Thursday, December 1, 2011

Demand Be Damned

It looks like a good bet that unemployment benefits in the U.S. will be extended again. It’s a move that’s hard to be against, although the political parties have tussled over how or whether the extension will be paid for.

There are many positive things to say about extending unemployment benefits for people who have exhausted their standard entitlement. It is compassionate and even generous. There are people whose lives will be made at least a bit easier by this government expenditure.

But it’s a bit of a leap to say, as many politicians and even a few reporters have, that the extension actually helps the overall economy. They reason that putting more money in the hands of people is a stimulus because those people will go out and spend it. But, if you follow this assertion to its logical conclusion, what they are essentially saying is that you can put people back to work by paying them not to work. The fact is that history has shown that there is always a marked downturn in the unemployment rate when the government stops authorizing unemployment benefit extensions. While those payments are a lifesaver for many, there are also a lot of people who wait until the payments stop before they get serious about finding a new job.

The problem is that pointing out this fact makes one seem rather heartless. One sounds as though one is blaming the victim. Rather than argue over whether unemployment benefits should be extended, it would be better if there were enough jobs for everyone who wants one—and even for those who don’t want one. But the fuzzy thinking exhibited by people who say that extending unemployment payments actually helps the economy illustrates why governments find themselves in patterns that actually make the economy worse.

The notion of the government putting money in the hands of people to stimulate the economy is what is called demand-side economics. If the economy isn’t doing well, according to this view, it’s because people aren’t spending enough. The opposite approach is supply-side economics. That’s where the government increases incentives for people to work (i.e. to start or expand a business), generally through lower taxes or other government-related costs. During the good economic times of the Reagan presidency, critics derided supply-side economics by calling it trickle-down economics. But after the past couple years of demand-side policy, I think more than a few people would be happy to have been getting some trickle-down.

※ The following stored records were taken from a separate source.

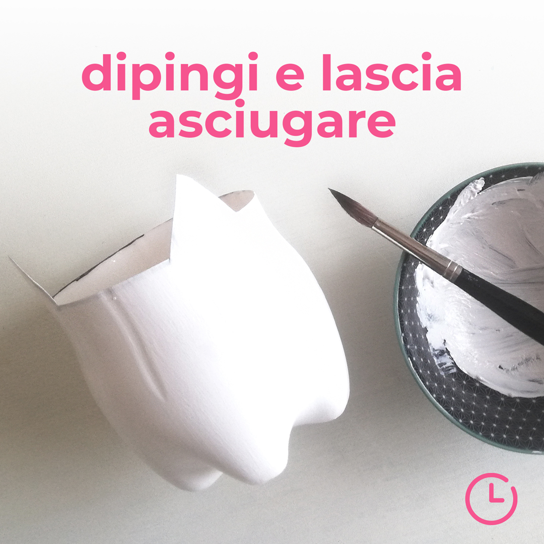 2. Dipingi la bottiglia con il colore acrilico bianco (o un altro colore a tuo piacere!) e lascia asciugare. Per ottenere un risultato migliore, ripeti l’operazione almeno due volte.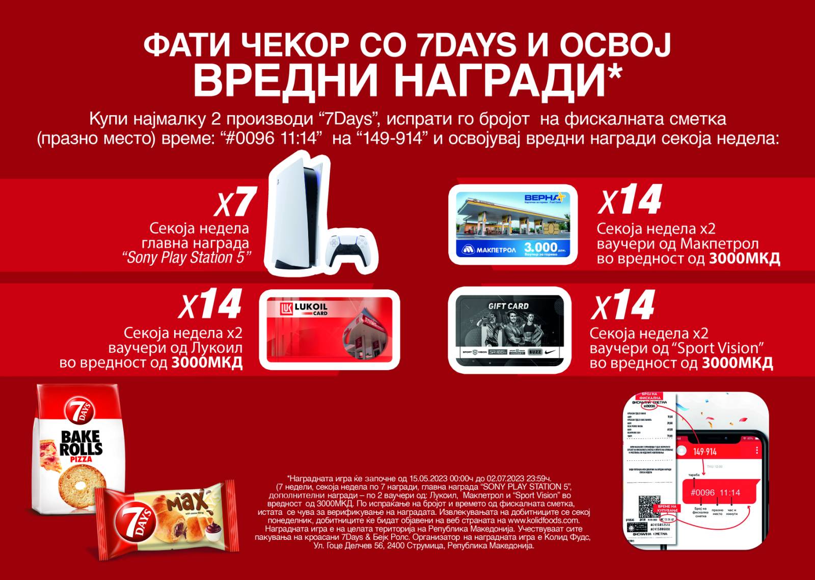 Учесниците за наградната игра, ќе може да испратат СМС започнувајќи од 15.05.2023 г., од 00:01 часот, па се до 02.07.2023 г., 23:59 часот, по што СМС платформата ќе биде затворена. Со учество во наградата игра, учесниците потврдуваат дека ги разбираат условите и се согласуваат со правилата за учество.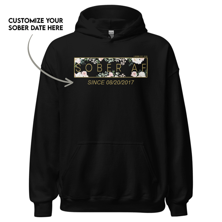 Recovery Hoodie | Women's Sober AF Flower Hoodie with Custom Date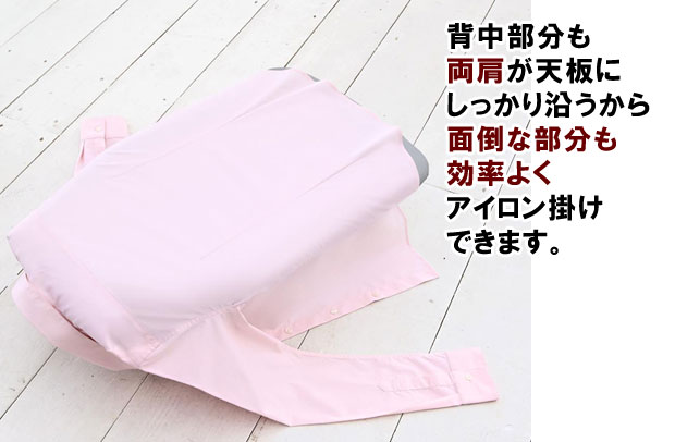 前身頃と後身頃にピタッと沿うからアイロン掛けしやすい設計です。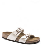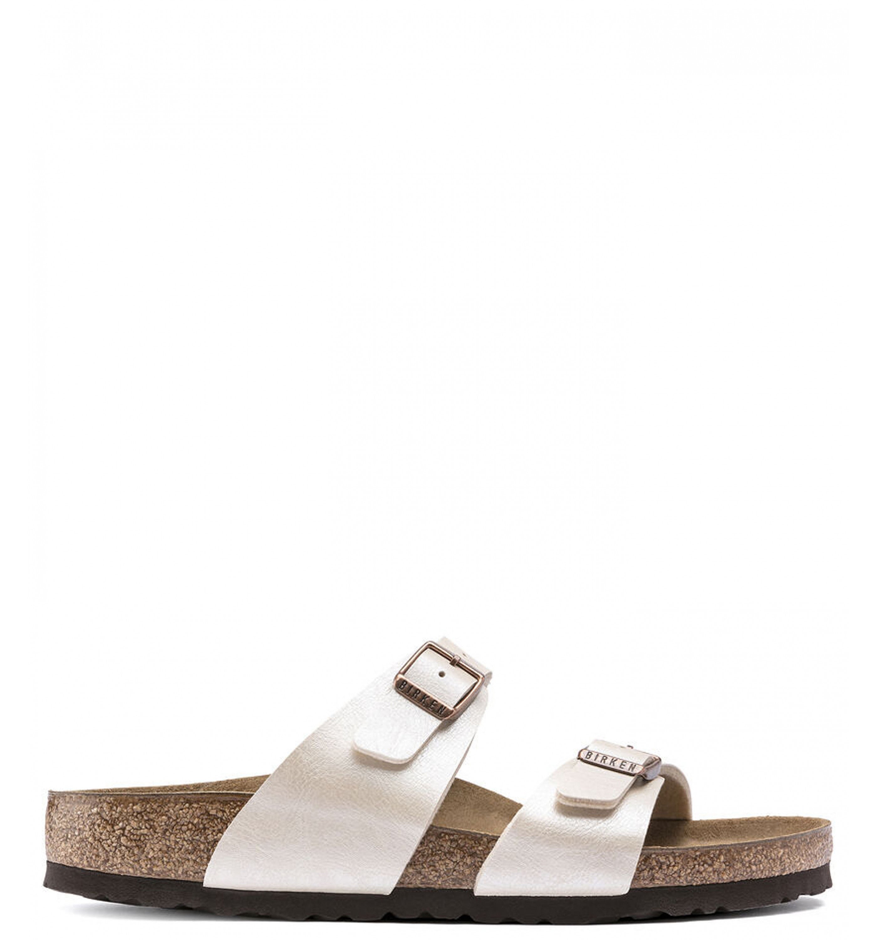 The BIRKENSTOCK Sydney proves that fashion and functionality can go hand in hand. With its two simple straps, it’s a real hit with women who want both high fashion and comfort. Here, we see the sandal with a silky sheen finish. The color-coordinated outsole and the buckles round off the shoe’s look of sophistication. The upper is made from the skin-friendly, hard-wearing synthetic material Birko-Flor® with a silky sheen.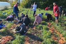 С момента основания школы существует ряд традиций, которые берегут и трепетно хранят. Одна из них – собственный огород, расположенный на пришкольном участке. Здесь с ранней весны начинает кипеть работа. Подготовить грунт, теплицы, позаботится о семенах, подкормить плодово-ягодные деревья. А летом трудовые отряды, из числа учеников школы, уже ухаживают за ранее высаженными растениями. Ассортимент, стоит отметить, богатый. Любой овощ, который можно вырастить – есть. И картошка, и морковь, и свекла, и лук… Сегодня собирали урожай.

In a way, the economy is like a dog chasing its tail, with supply and demand alternating in a constant loop. Does it make a difference whether the government helps on the supply side or on the demand side? When you think about it, the two approaches reflect two very different ways of viewing the economy, society and our culture. One encourages people to produce something, i.e. make things or perform services. The other encourages people to be consumers, to go shopping. If you are producing something, you will likely get paid for it and become a consumer as a natural result. But when you try to get the economy going by encouraging people to consume, the problem is that the products and services that people want to consume may not necessarily be in supply. It is easier for a worker to also be a shopper than for a shopper to also be a worker.

When the government puts money directly in the hands of citizens, it may result in genuine short-term benefit and make politicians popular and ordinary taxpayers feel good but, as we have seen over the past couple of years, it doesn’t necessarily translate into lower unemployment. In fact, a large government spending spree (combined with increased economic uncertainty spurred by new massive programs like Obamacare and more complex regulations) turns out to be a disincentive for people to start or expand businesses.

That is why the sharp economic drop in 2008—which history suggests should have been followed by a similarly steep recovery—was followed by one of the weakest recoveries seen in modern times. This experience should put the final nail in the coffin of Keynesian economics, but it won’t. There’s just too much fuzzy thinking out there.